### WHAT YOU WILL DO
Beginning with the line that contains "8.氣瓶間內的實驗室氣體設備", retype the entries below exactly, ending with the line that contains "- The gray washed". Leave out any pictures.

### INFORMATION SHOWN
>>

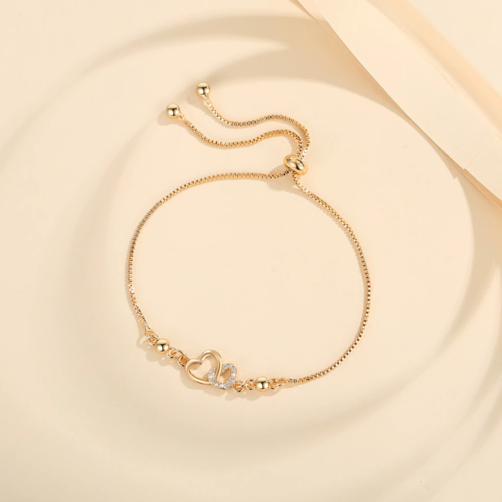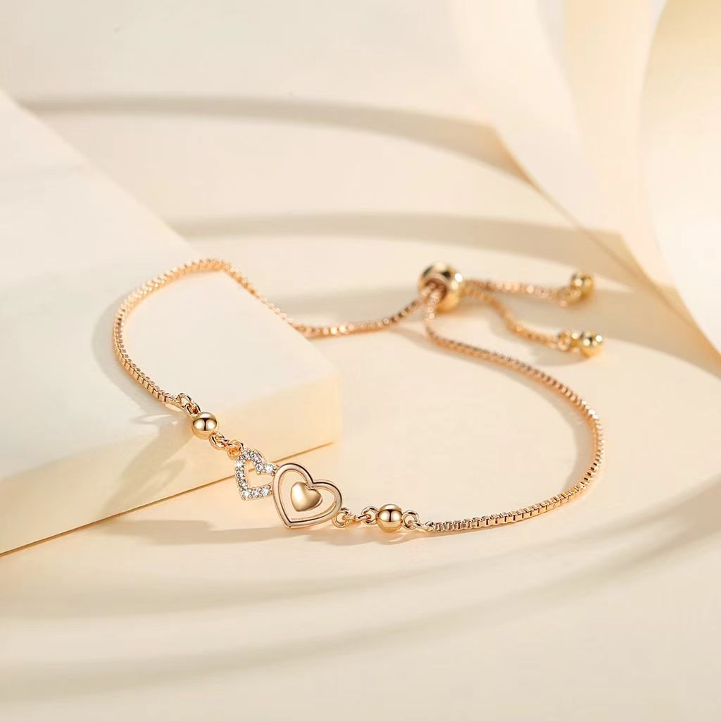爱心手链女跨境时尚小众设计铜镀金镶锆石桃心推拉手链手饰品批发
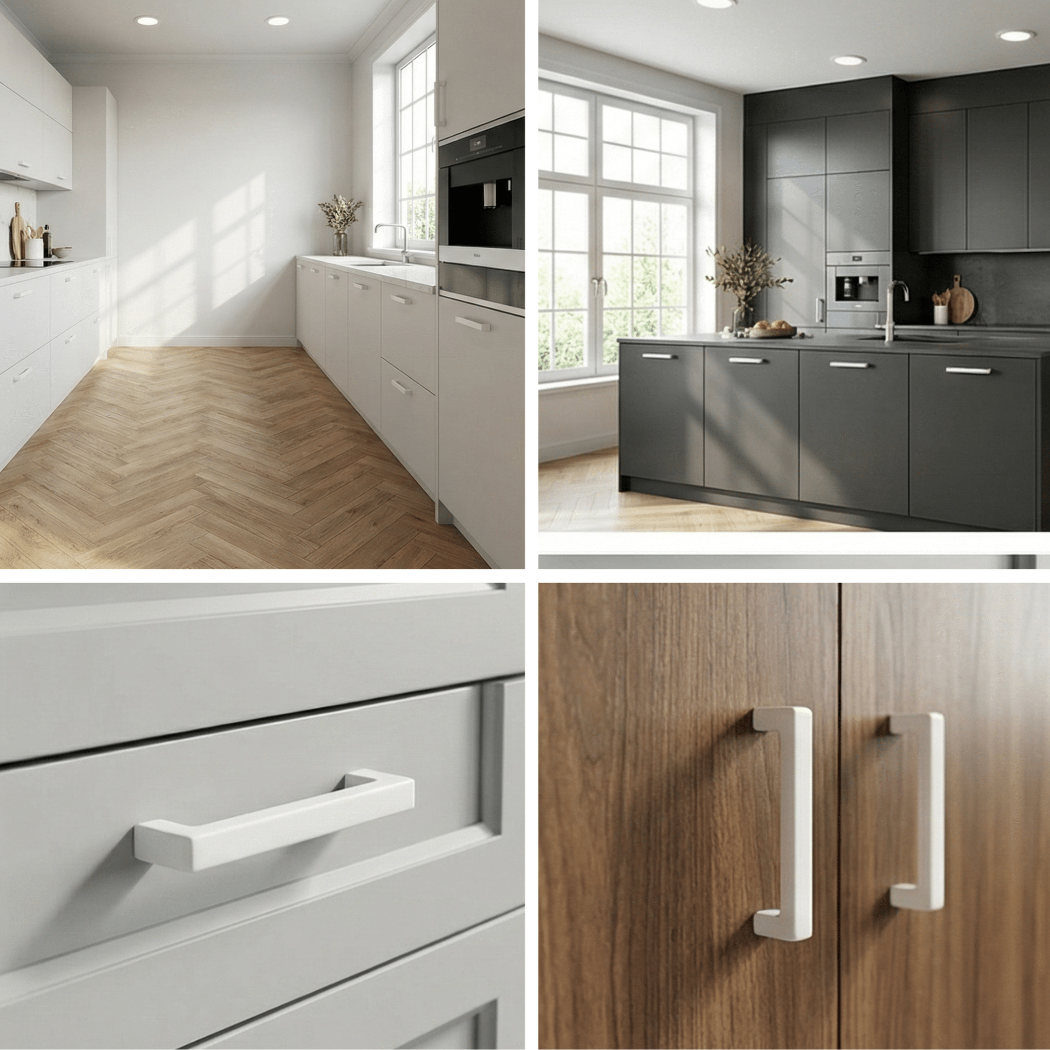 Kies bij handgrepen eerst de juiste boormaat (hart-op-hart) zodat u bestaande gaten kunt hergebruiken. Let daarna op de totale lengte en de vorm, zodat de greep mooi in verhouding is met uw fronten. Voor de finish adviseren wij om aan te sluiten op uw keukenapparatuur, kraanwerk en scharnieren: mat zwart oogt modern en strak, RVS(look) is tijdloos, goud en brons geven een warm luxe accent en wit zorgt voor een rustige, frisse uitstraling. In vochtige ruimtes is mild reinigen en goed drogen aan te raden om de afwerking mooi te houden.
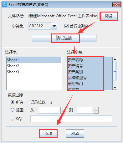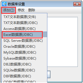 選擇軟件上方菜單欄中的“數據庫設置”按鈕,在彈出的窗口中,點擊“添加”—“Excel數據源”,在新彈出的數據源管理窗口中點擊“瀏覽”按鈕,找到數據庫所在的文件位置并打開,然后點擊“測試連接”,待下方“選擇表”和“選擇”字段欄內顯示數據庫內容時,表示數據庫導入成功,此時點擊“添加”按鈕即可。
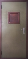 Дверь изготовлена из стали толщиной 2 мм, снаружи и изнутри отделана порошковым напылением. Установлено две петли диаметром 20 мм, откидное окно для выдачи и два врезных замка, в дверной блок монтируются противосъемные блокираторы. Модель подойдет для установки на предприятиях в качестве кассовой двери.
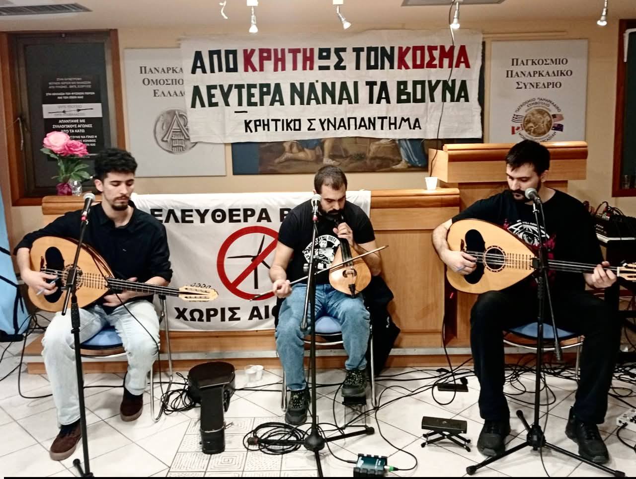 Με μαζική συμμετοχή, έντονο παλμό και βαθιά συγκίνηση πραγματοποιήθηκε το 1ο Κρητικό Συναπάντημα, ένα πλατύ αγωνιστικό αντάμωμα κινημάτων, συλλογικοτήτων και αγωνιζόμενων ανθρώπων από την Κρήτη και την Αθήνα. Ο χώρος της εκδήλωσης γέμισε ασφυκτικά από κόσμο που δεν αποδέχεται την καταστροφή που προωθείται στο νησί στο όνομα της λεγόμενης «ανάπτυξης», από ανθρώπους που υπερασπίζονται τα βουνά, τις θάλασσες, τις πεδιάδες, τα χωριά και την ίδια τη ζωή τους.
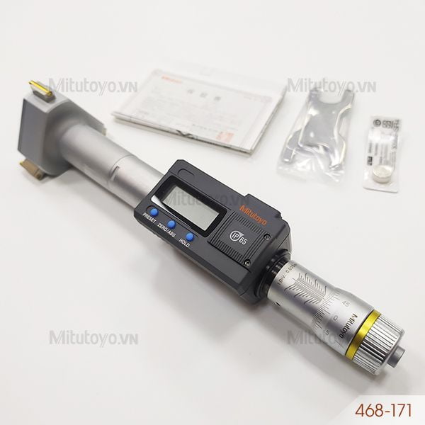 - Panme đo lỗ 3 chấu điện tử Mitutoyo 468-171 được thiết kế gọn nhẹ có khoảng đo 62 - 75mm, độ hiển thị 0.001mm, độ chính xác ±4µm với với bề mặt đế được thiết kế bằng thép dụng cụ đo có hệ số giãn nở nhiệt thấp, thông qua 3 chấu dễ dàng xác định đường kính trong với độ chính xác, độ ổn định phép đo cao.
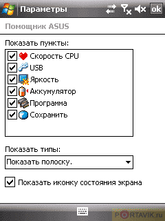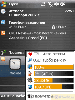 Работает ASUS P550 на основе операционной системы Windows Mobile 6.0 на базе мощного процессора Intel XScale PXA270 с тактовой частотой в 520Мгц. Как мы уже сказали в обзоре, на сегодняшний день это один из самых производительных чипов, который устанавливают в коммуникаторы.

<<
>>

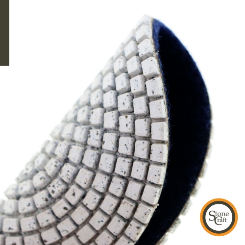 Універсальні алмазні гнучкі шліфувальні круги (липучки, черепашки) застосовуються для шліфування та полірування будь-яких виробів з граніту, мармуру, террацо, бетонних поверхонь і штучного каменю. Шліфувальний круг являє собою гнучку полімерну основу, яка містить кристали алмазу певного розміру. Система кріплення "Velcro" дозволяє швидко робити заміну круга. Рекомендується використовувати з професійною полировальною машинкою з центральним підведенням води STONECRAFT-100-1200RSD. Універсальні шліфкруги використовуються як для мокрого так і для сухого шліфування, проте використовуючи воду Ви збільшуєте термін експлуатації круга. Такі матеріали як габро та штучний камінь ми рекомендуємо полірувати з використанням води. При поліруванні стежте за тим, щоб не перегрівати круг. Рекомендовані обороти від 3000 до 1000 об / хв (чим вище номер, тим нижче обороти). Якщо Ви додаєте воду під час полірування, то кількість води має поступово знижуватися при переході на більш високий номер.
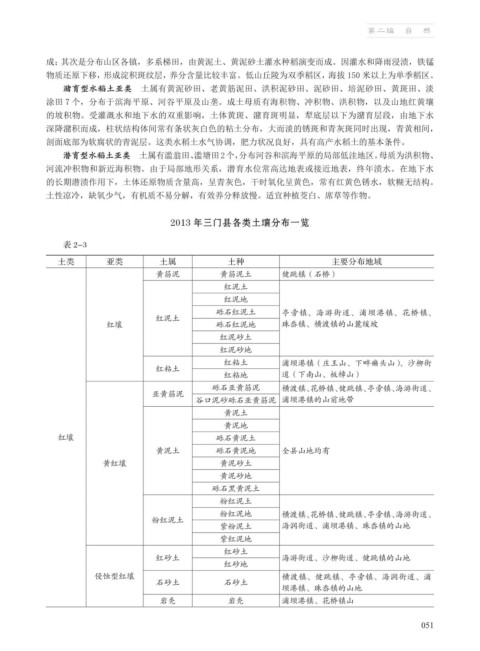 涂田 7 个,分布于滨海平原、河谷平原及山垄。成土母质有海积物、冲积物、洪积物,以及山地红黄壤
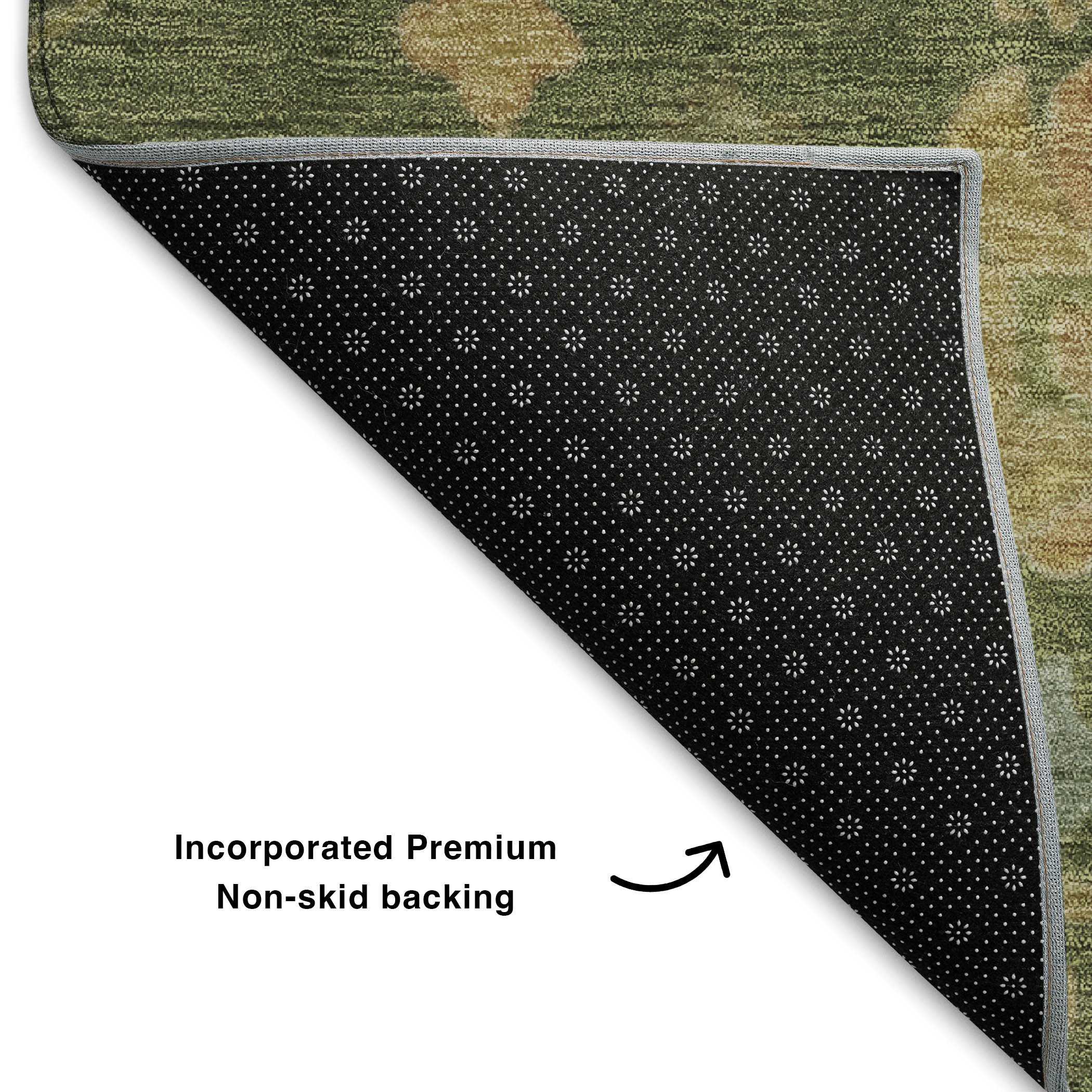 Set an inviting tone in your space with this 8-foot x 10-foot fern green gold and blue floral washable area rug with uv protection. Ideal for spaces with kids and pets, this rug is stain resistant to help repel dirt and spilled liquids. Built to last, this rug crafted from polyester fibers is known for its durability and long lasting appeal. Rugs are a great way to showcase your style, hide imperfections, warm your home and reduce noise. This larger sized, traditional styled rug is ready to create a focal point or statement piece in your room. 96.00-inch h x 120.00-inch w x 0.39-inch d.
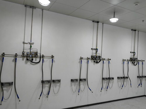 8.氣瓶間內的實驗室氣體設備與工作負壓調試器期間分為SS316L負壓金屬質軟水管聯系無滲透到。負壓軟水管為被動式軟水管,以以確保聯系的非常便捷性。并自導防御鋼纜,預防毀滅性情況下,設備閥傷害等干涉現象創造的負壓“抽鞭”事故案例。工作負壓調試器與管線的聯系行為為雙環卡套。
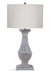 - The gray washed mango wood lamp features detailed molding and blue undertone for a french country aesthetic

<<

### RESPONSE AREA
 8.氣瓶間內的實驗室氣體設備與工作負壓調試器期間分為SS316L負壓金屬質軟水管聯系無滲透到。負壓軟水管為被動式軟水管,以以確保聯系的非常便捷性。并自導防御鋼纜,預防毀滅性情況下,設備閥傷害等干涉現象創造的負壓“抽鞭”事故案例。工作負壓調試器與管線的聯系行為為雙環卡套。
 - The gray washed mango wood lamp features detailed molding and blue undertone for a french country aesthetic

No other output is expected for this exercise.